**INFORMATION SUPPLIED**
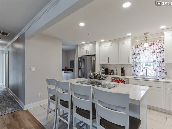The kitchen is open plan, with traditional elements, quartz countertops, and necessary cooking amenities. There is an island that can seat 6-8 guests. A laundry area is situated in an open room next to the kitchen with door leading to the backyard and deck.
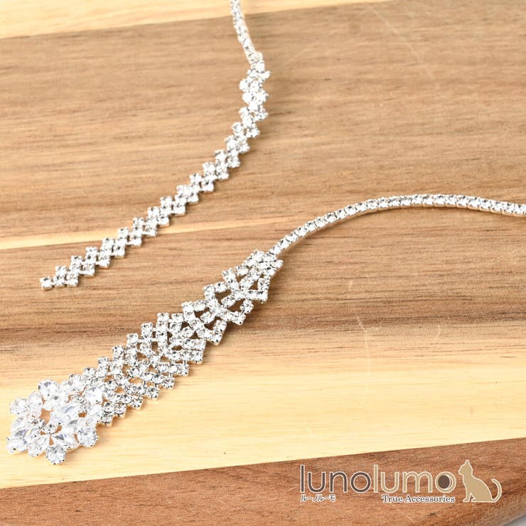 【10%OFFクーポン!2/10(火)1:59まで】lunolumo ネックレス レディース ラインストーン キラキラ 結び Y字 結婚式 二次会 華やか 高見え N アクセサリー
...
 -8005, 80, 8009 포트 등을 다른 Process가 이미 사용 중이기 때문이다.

**PROBLEM DESCRIPTION**
Give again the lines of the listing above that run from the one with "The kitchen is" up to and including the one with "高見え N アクセサリー". Keep them exact and omit the pictures.

**WRITTEN REPLY**
The kitchen is open plan, with traditional elements, quartz countertops, and necessary cooking amenities. There is an island that can seat 6-8 guests. A laundry area is situated in an open room next to the kitchen with door leading to the backyard and deck.
 【10%OFFクーポン!2/10(火)1:59まで】lunolumo ネックレス レディース ラインストーン キラキラ 結び Y字 結婚式 二次会 華やか 高見え N アクセサリー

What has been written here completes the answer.